* PROBLEM DETAILS
Will you transcribe all the entries word for word, skipping the pictures they hold?

* RAW DATA
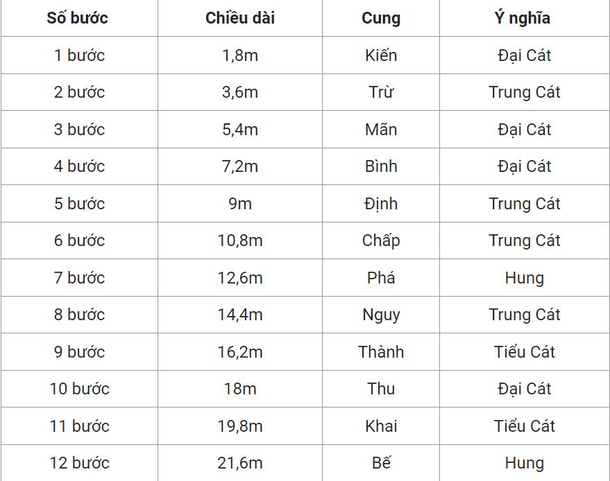 Cụ thể: 1 bước = 4 thước 5 tất. 1 bước là kiến, 2 bước là trừ, 3 bước là mãn, 4 bước là bình, 5 bước là định, 6 bước là chấp, 7 bước là phá, 8 bước là nguy, 9 bước là thành, 10 bước là thu, 11 là khai, 12 bước là bế. Những bước này cũng thể hiện điềm tốt điềm xấu.
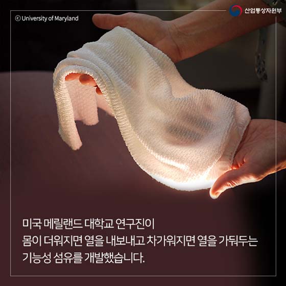 [일간환경연합 장민주 기자]요즘 날씨, 일교차가 심해서 옷 입기 곤란하시죠? 미국 메릴랜드 대학교 연구진이 몸이 더워지면 열을 내보내고 차가워지면 열을 가둬두는 기능성 섬유를 개발했습니다.
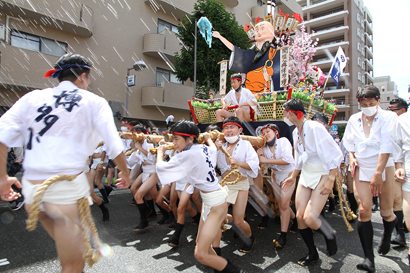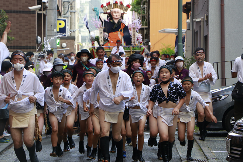 コロナ禍に苦しんだこの二年間を自分たちが清め祓うんだとばかりに、元気よく山舁きを行う子供達。そして山笠に載せられた聖一国師の人形が撒くかのように、沿道からは子供達に大量の水が振り撒かれ、博多の町を祓い清めまわります。
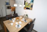 Separater Essplatz, voll ausgestatteter Küchenbereich mit Geschirrspüler und Mikrowelle, möblierter
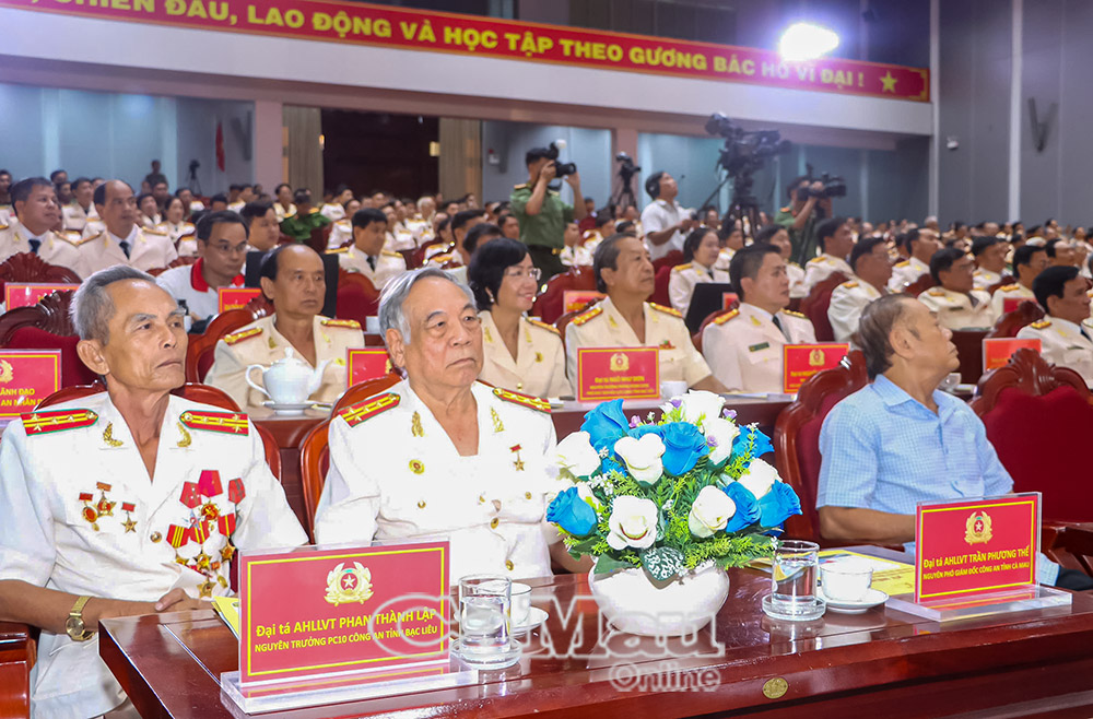 Tại buổi lễ, các đại biểu cũng được ôn lại truyền thống lực lượng CAND Việt Nam nói chung, Công an tỉnh Cà Mau nói riêng qua các thước phim tư liệu phản ánh chặng đường 80 năm xây dựng, chiến đấu và trưởng thành. Là một bộ phận của CAND Việt Nam, chỉ 2 ngày sau khi giành được chính quyền, Công an Cà Mau được Tỉnh uỷ, Uỷ ban giải phóng tỉnh quyết định thành lập vào ngày 25/8/1945 với tên gọi “Quốc gia tự vệ cuộc”. Những ngày đầu mới thành lập, lực lượng còn nhỏ bé, nhiệm vụ nặng nề, lại phải đối phó với những kẻ thù sừng sỏ và nguy hiểm, nhưng lực lượng Công an Cà Mau đã lập nhiều chiến công xuất sắc trong các cuộc chiến khốc liệt chống thực dân Pháp và đế quốc Mỹ.

* ANSWER FOR THIS EXERCISE
 Cụ thể: 1 bước = 4 thước 5 tất. 1 bước là kiến, 2 bước là trừ, 3 bước là mãn, 4 bước là bình, 5 bước là định, 6 bước là chấp, 7 bước là phá, 8 bước là nguy, 9 bước là thành, 10 bước là thu, 11 là khai, 12 bước là bế. Những bước này cũng thể hiện điềm tốt điềm xấu.
 [일간환경연합 장민주 기자]요즘 날씨, 일교차가 심해서 옷 입기 곤란하시죠? 미국 메릴랜드 대학교 연구진이 몸이 더워지면 열을 내보내고 차가워지면 열을 가둬두는 기능성 섬유를 개발했습니다.
 コロナ禍に苦しんだこの二年間を自分たちが清め祓うんだとばかりに、元気よく山舁きを行う子供達。そして山笠に載せられた聖一国師の人形が撒くかのように、沿道からは子供達に大量の水が振り撒かれ、博多の町を祓い清めまわります。
 Separater Essplatz, voll ausgestatteter Küchenbereich mit Geschirrspüler und Mikrowelle, möblierter
 Tại buổi lễ, các đại biểu cũng được ôn lại truyền thống lực lượng CAND Việt Nam nói chung, Công an tỉnh Cà Mau nói riêng qua các thước phim tư liệu phản ánh chặng đường 80 năm xây dựng, chiến đấu và trưởng thành. Là một bộ phận của CAND Việt Nam, chỉ 2 ngày sau khi giành được chính quyền, Công an Cà Mau được Tỉnh uỷ, Uỷ ban giải phóng tỉnh quyết định thành lập vào ngày 25/8/1945 với tên gọi “Quốc gia tự vệ cuộc”. Những ngày đầu mới thành lập, lực lượng còn nhỏ bé, nhiệm vụ nặng nề, lại phải đối phó với những kẻ thù sừng sỏ và nguy hiểm, nhưng lực lượng Công an Cà Mau đã lập nhiều chiến công xuất sắc trong các cuộc chiến khốc liệt chống thực dân Pháp và đế quốc Mỹ.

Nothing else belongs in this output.